И вот в такую-то ветреную погоду орочи селения Дата выходят в море на охоту за нерпами. Я сел на берегу и стал любоваться прибоем, а мой спутник закурил трубку и рассказал, как однажды семнадцать человек орочей на трех больших лодках отправились за морским зверем. Дело было весной, в марте. Надо было дойти до сплошного льда, где они рассчитывали найти много тюленей. Погода была хорошая, море тихое. Мыс, где ныне стоит Николаевский маяк, чуть виднелся на горизонте. После полудня орочи заметили лед и на нем много нерп. Они принялись за охоту с увлечением. В короткий срок они убили девяносто одно животное. Вдруг с северо-восточной стороны надвинулся холодный туман и пошел снег. Старики уговаривали молодых орочей бросить убитых животных и спешно идти назад к берегу, которого теперь уже не было видно. Тяжело нагруженные лодки не могли скоро двигаться. Небо все больше и больше заволакивало тучами. Орочи потеряли ориентировку и гребли наугад до самых сумерек, а ветром их относило в сторону. Так промаялись они всю ночь, а наутро, когда стало светать, опять увидели перед собой ледяное поле и на нем трупы убитых ими тюленей. Тогда они вытащили на лед лодки, укрепили на веслах палатки и стали выжидать конца бури. Двое суток бушевало море. Опасаясь, что волнением может взломать лед, старики велели держаться около лодок. За неимением дров они жгли в котлах нерпичье сало, на растопку шли палки и доски от сидений. Огонь раскладывали только тогда, когда надо было согреть воду. На третий день ветер начал стихать, море понемногу стало успокаиваться. Когда туман рассеялся, они увидели землю. По очертаниям гор старики узнали, что находятся против устья реки Копи. Уезжая со льдины, они побросали всех тюленей в воду, отдав их в жертву хозяину морей Тэму, в глубоком убеждении, что это он наказал их за убой такого большого количества своих собак. Орочи дали обет на будущее время бить зверя ровно столько, сколько надо для прокормления. Велика была радость женщин селения Дата, увидевших своих мужей и братьев, которых они считали погибшими.

Глава четвертая. Смотритель маяка

В ночь с 11 на 12 сентября ветер начал стихать. Антон Сагды несколько раз ходил на берег моря, смотрел вдаль и по движению облаков старался угадать погоду. Глядя на него, можно было подумать, что обстоятельства складываются неблагоприятно. Я уже хотел было идти на экскурсию к горе Иодо, как вдруг орочи засуетились и стали готовить лодки.

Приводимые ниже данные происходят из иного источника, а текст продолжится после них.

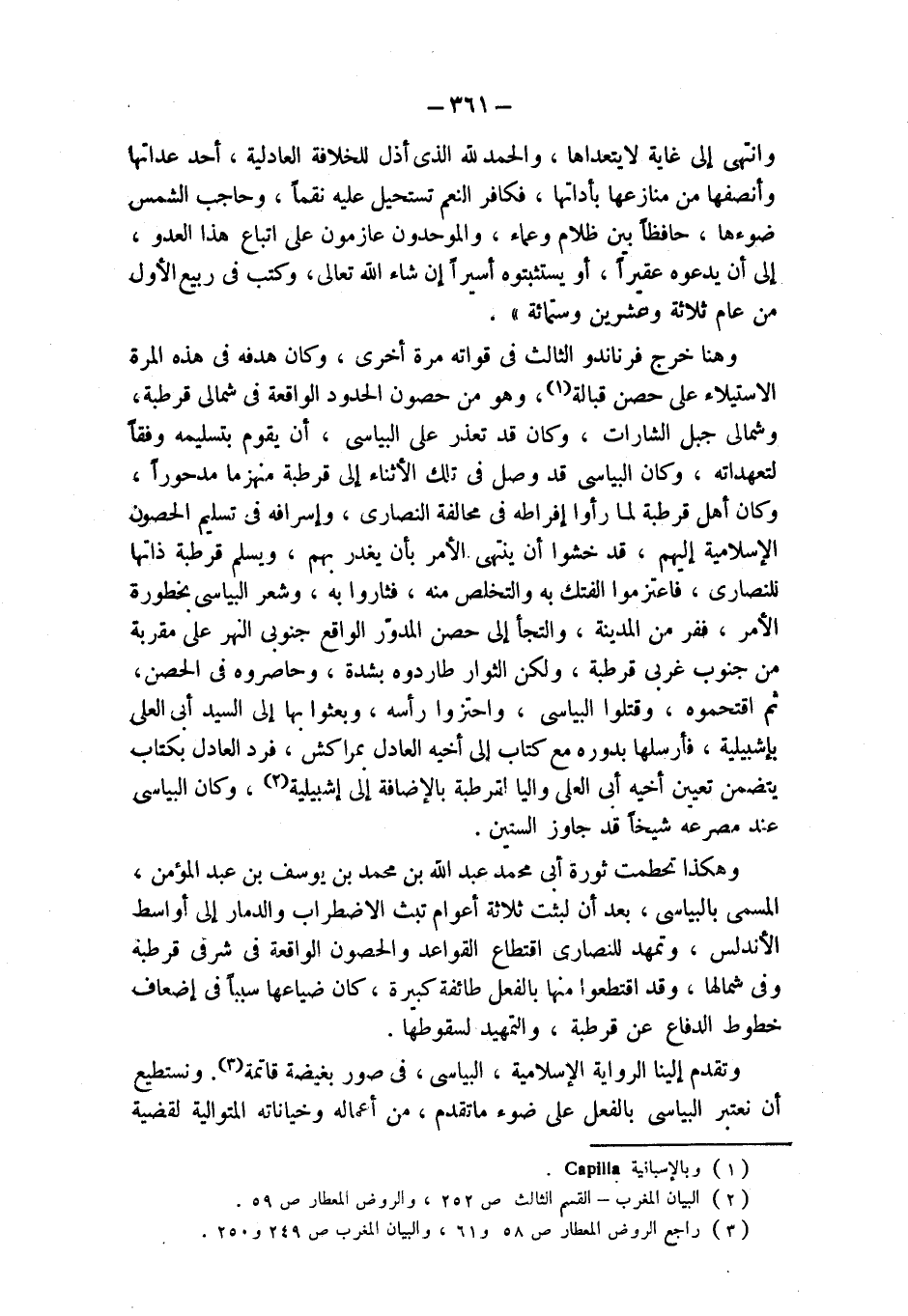 وهكذا تحطمت ثورة أبي محمد عبد الله بن محمد بن يوسف بن عبد المؤمن، المسمى بالبياسى، بعد أن لبثت ثلاثة أعوام تبث الاضطراب والدمار إلى أواسط الأندلس، وتمهد للنصارى اقتطاع القواعد والحصون الواقعة في شرقي قرطبة وفي شمالها، وقد اقتطعوا منها بالفعل طائفة كبيرة، كان ضياعها سبباً في إضعاف خطوط الدفاع عن قرطبة، والتمهيد لسقوطها. وتقدم إلينا الرواية الإسلامية، البياسى، في صور بغيضة قاتمة (¬3). ونستطيع أن نعتبر البياسى بالفعل على ضوء ما تقدم، من أعماله وخياناته المتوالية لقضية

Нам с читателем придется совершить длинное путешествие вдоль берега моря и потому необходимо познакомиться с конструкцией орочской мореходной лодки (тамтыга). Она очень легка и сшивается из тонких досок. Вместо железных гвоздей орочи употребляют деревянные (лиственничные) колышки. Будучи плоскодонной, тамтыга сидит в воде главным образом своей средней частью, имея нос и корму приподнятыми. Такая конструкция делает ее очень удобной и позволяет приставать к берегу в любом месте, лишь бы не было острых камней. Грузы в лодке распределяются так: две трети – в корме между гребцами и рулевым и одна треть – в носу. Так как дно лодки выгнуто, то вся вода, просачивающаяся сквозь щели, стекает к середине и легко выкачивается за борт берестяными ковшиками. Гребное весло состоит из рычага с рукояткой, отверстий для уключины и лопастью, дискообразной у основания и суживающейся к концу. Уключины делаются из еловых сучков, которые привязываются лыками к бортам лодки в вертикальном положении. Вместо паруса употребляется четырехугольное полотнище палатки, прикрепленное к нему жердями, косокрестообразно привязанными к одной из скамеек. Мореходная орочская лодка среднего размера при четырех гребцах, одном рулевом и двух пассажирах может поднять до 30–40 пудов полезного груза.

Часов в десять утра мы вошли в лодки и тронулись в путь. Главным старшиной и руководителем был Антон Сагды. Я удивился той дисциплине, которая царила в отряде. Все его распоряжения молодые орочи исполняли быстро: они работали молча, проворно, не было ни споров, ни пререканий. Таков закон у всех мореходов. Только при соблюдении строжайшей дисциплины можно успешно бороться с водяной стихией. Сухопутные люди не всегда это понимают.

Когда мы вышли из реки Улике, течение подхватило нашу лодку и понесло ее в море. Навстречу шли большие волны, увенчанные белыми гребнями: одна другой выше, одна другой страшнее.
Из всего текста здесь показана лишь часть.